GET /batch/files/download/{token}
Example requests
curl -X GET -H ‘x-api-key: (api_key)’ https://api.lightboxre.com/v1/batch/files/download/3b4ca555-4d64-46a3-b08b-2d088682f78c
https://api.lightboxre.com/v1/batch/files/download/3b4ca555-4d64-46a3-b08b-2d088682f78c
Parameters
Parameter | Type | Description | Usage |
---|---|---|---|
token | path | Job/Process token | required |
Response
Media type: application/json
{
"$ref": "string",
"signedUrl": {
"expiry": "60 minutes",
"token": "3b4ca2ae-4d64-46a3-b08b-2d088682f78c",
"url": "https://foo.amazonaws.com/uat/files/5555555-4d64-46a3-b08b-2d088682f78c/filename.csv?X-Amz-Algorithm=AWS4-5555555SHA256&X-Amz-Credential=555555555PFKBAAUEOSV3%2F20240731%2Fus-east-1%2Fs3%2Faws4_request&X-Amz-Date=20240731T181736Z&X-Amz-Expires=3600&X-Amz-SignedHeaders=host&x-id=PutObject&X-Amz-Signature=55555555555c8f7d61848317ba3a80863eb3d2310c74467edad295928"
}
Field | Description |
---|---|
$ref | URL reference back to this call |
signedUrl.expiry | Expire date of this signed URL. After the expire time this URL becomes invalid. |
signedUrl.token | Job token. This token is used to reference this process or job to get job status, clean up files, cancel a job, or retrieve a download link. |
signedUrl.url | Pre signed URL |
Clean up files
This endpoint provides the means to remove data related to a job from the system.

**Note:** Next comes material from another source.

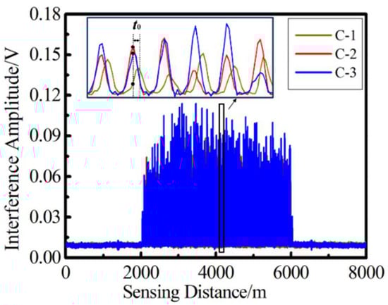 Figure 4 shows the three-way pulse signal of uwFBG TDM array with 800 sensors, whose sensing distance is 4 km. By amplifying the partial pulse signal, compared with C-2 and C-3, the C-1 pulse train had an overall offset of t0, so the amplitude of the C-1 interference signal indexed at the same position was greatly reduced, which verified the theoretical analysis mentioned above.
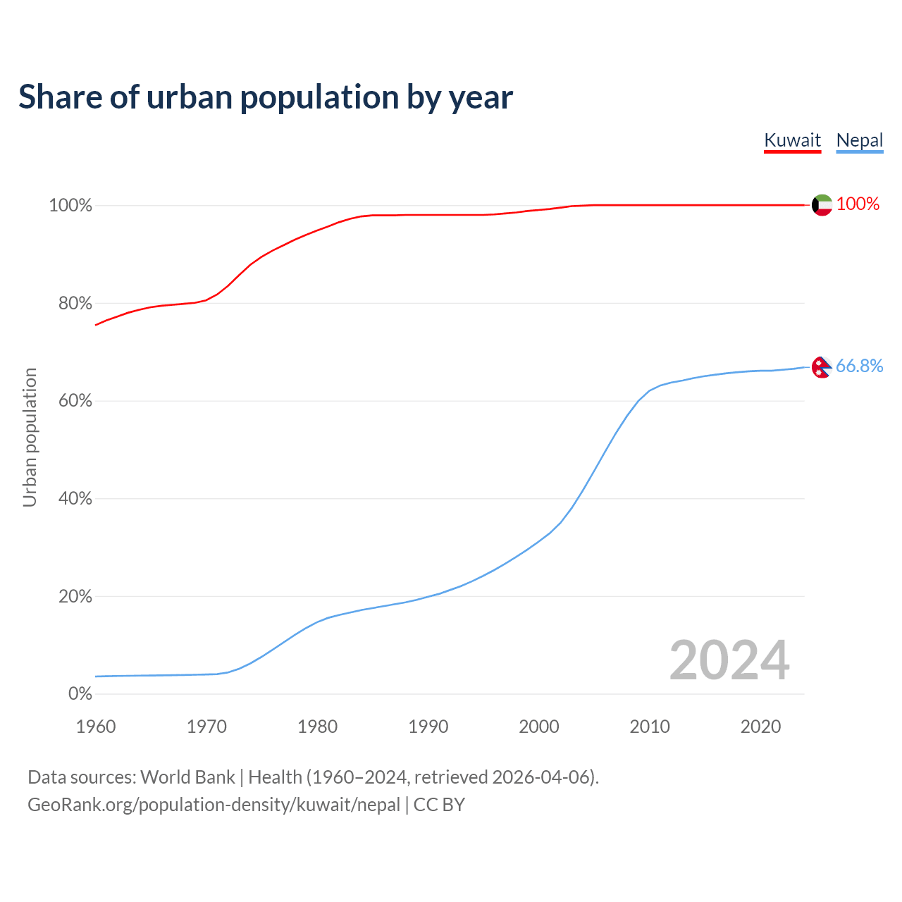 From 2004 to 2024, the share of urban population changed from 99.9% to 100% in Kuwait and from 41.6% to 66.8% in Nepal.

DELETE /batch/files/{token}
Allows direct removal of the files, input, and output associated with the Batch Processing Job.
Example requests
curl -X DELETE -H ‘x-api-key: (api_key)’ https://api.lightboxre.com/v1/batch/files/3b4ca555-4d64-46a3-b08b-2d088682f78c
https://api.lightboxre.com/v1/batch/files/3b4ca555-4d64-46a3-b08b-2d088682f78c
Parameters
Parameter | Type | Description | Usage |
---|---|---|---|
token | path | Job/Process token | required |
Response
HTTP Code 202, Accepted, No Content returned, This status is returned if the job is currently running. The system will first cancel the job then remove the files.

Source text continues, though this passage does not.